The absolute nuclear family would appear with the top-down spread of primogeniture from the nobles to the commoners. The Church’s war against cousin marriage did not manage to eradicate the practice among nobles — the Hapsburgs were spectacularly inbred as late as the 20th century. Perhaps the Church’s contribution was to contain the practice of endogamy within the nobility? That possibility is consistent with the evidence available as of writing. What can be ruled out is the idea that the Church created the Western nuclear family. It could not have, for the simple reason that the Western nuclear family predates the Church by thousands of years.
Interesting. I would opt for a compromise between the two explanations of the Western European Marriage Pattern. In other words, this pattern preceded Christianization and was assimilated into the norms of Western Christianity, which then provided a more effective mechanism for enforcing that pattern.

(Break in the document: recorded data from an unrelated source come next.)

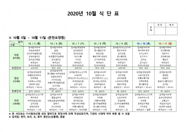 10월 둘째주 식단표 페이지 정보 작성자 은천노인복지회 작성일20-10-12 14:45 조회157,187회 댓글0건 관련링크 이전글 다음글 목록 답변 본문 . 이전글 다음글 목록 답변
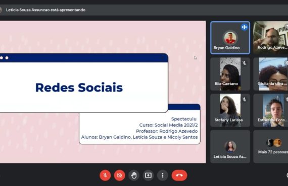 Spectaculu encerra formação virtual com lives Depois de quase quatro meses de atividades, chegaram ao fim as aulas dos Cursos On-line 2021.2 da Spectaculu. O evento Encerramento 2021 marcou o término do ano letivo e aconteceu em 15 e 16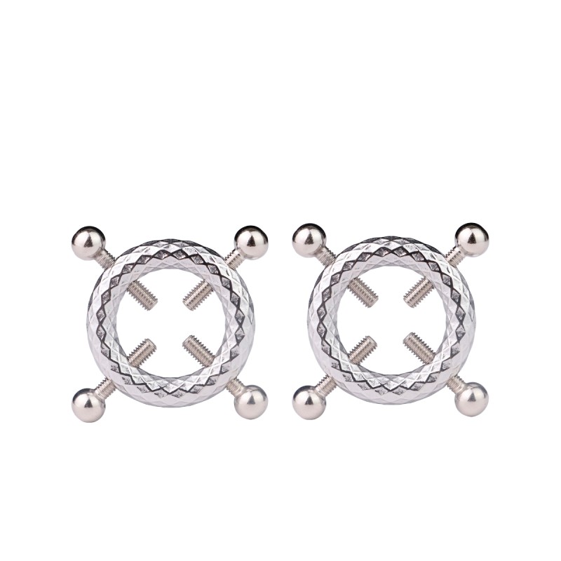 De Ronde Tepelklemmen, vervaardigd van roestvrij staal, zijn verstelbaar voor persoonlijke drukbeleving. Elke klem heeft een uniek rond ontwerp en is voorzien van belletjes voor een zintuiglijk en auditief element. De klemmen meten 8 cm lang, 7,4 cm breed en hebben een diameter van 2,6 cm, wat zorgt voor een veilige en comfortabele pasvorm.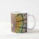 Relájate con esta taza de café de colores que muestra el magnífico tragaluz de cristal manchado en la sala de conciertos del Palau de la Música Catalana en Barcelona, España.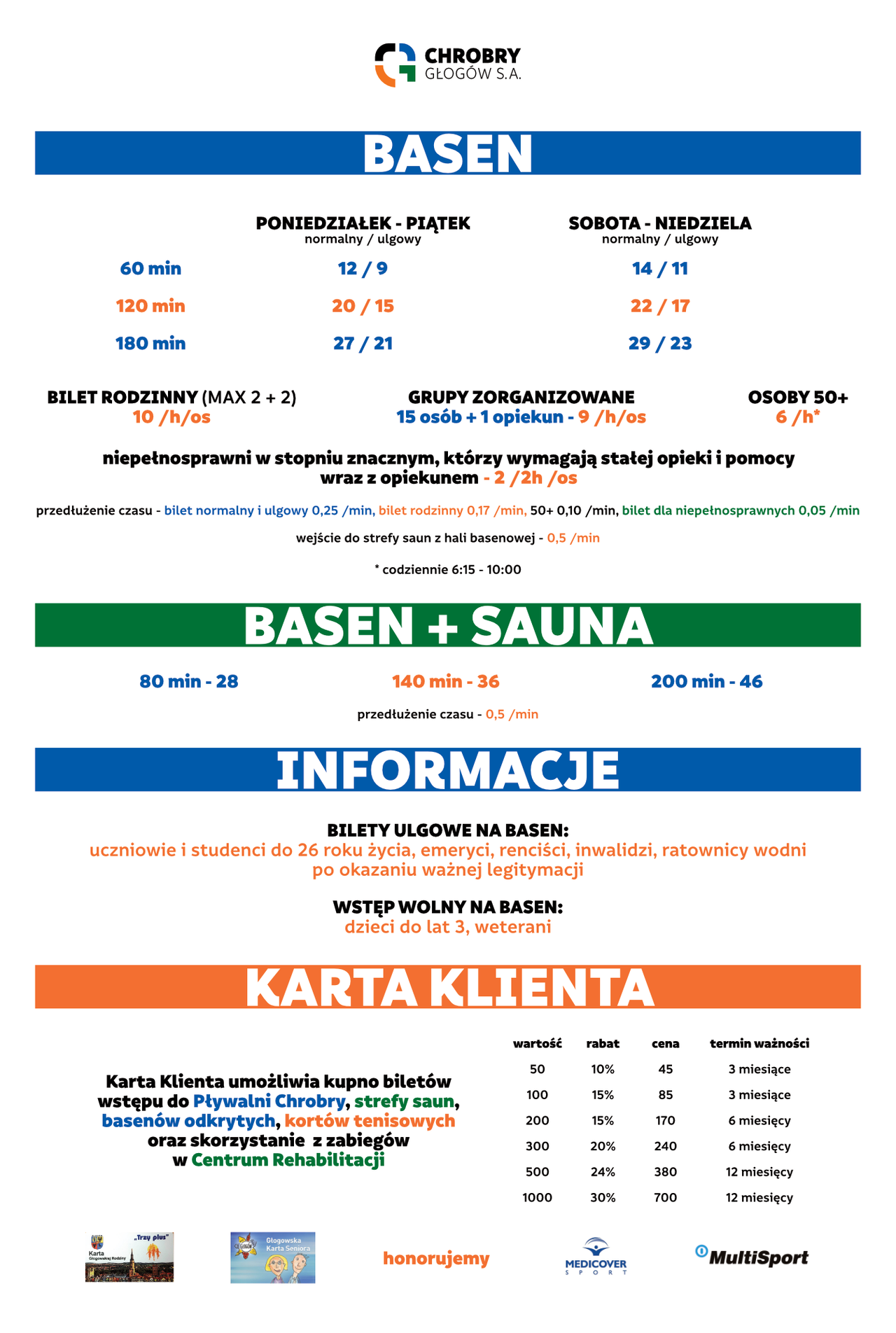 Zmiany w Pływalni Chrobry Od dziś wprowadzamy garść zmian w Pływalni Chrobry. 01-09-2021 12:01 autor: ŁJ Od dziś wprowadzamy garść zmian w Pływalni Chrobry. Od 1.09 Pływalnia jest otwarta od 6:15 do 21:45. Codziennie. Ostatnie wejście do hali basenowej i strefy saun jest o godzinie 20:30. Wyjście z hali i saun o 21:30 O 21:45 zamykamy obiekt. Od dziś obowiązuje nowy cennik Pływalni Chrobry. Wprowadziliśmy trochę uproszczeń, zmian i nowości. Na przykład bilet Basen+Sauna na 200 minut! O wszystkich zmianach dowiesz się w kasach Pływalni.

We have good evidence of this marriage pattern from 9th century France, which corresponds to the time when the Church adopted an extreme ban on cousin marriages. We also have some fragmentary evidence from pre-Christian times. See my note at the end of Schulz's paper: https://www.science.org/doi/10.1126/science.aau5141
"Unfortunately for them, their entire exercise assumes that the initial conditions of family structures in the West on which the Church acted were endogamous communitarian — thus directly contradicting Emmanuel Todd’s thesis." This is the flaw in your logic. The sons don't have to reside in the same household in order for the theory to hold. Nuclear families were a thing, but they were close to their extended family and usually stayed in the same village. But when you ban 2nd and 3rd cousin marriage that the practice of staying in your small village becomes more difficult. It's not this black and white things are either this or that. It's subtle effects that can add up to great differences. It's not so much about the Catholic church's ban on cousin marriage creating the nuclear family, but about how it cultivated a culture of individualism and weaker extended families that eventually led to a big difference between the Western and Eastern churches. And a big part of the theory is that a lack of strong extended families lead to a rise in strong institutions to pick-up the slack like the church and mutual aid societies.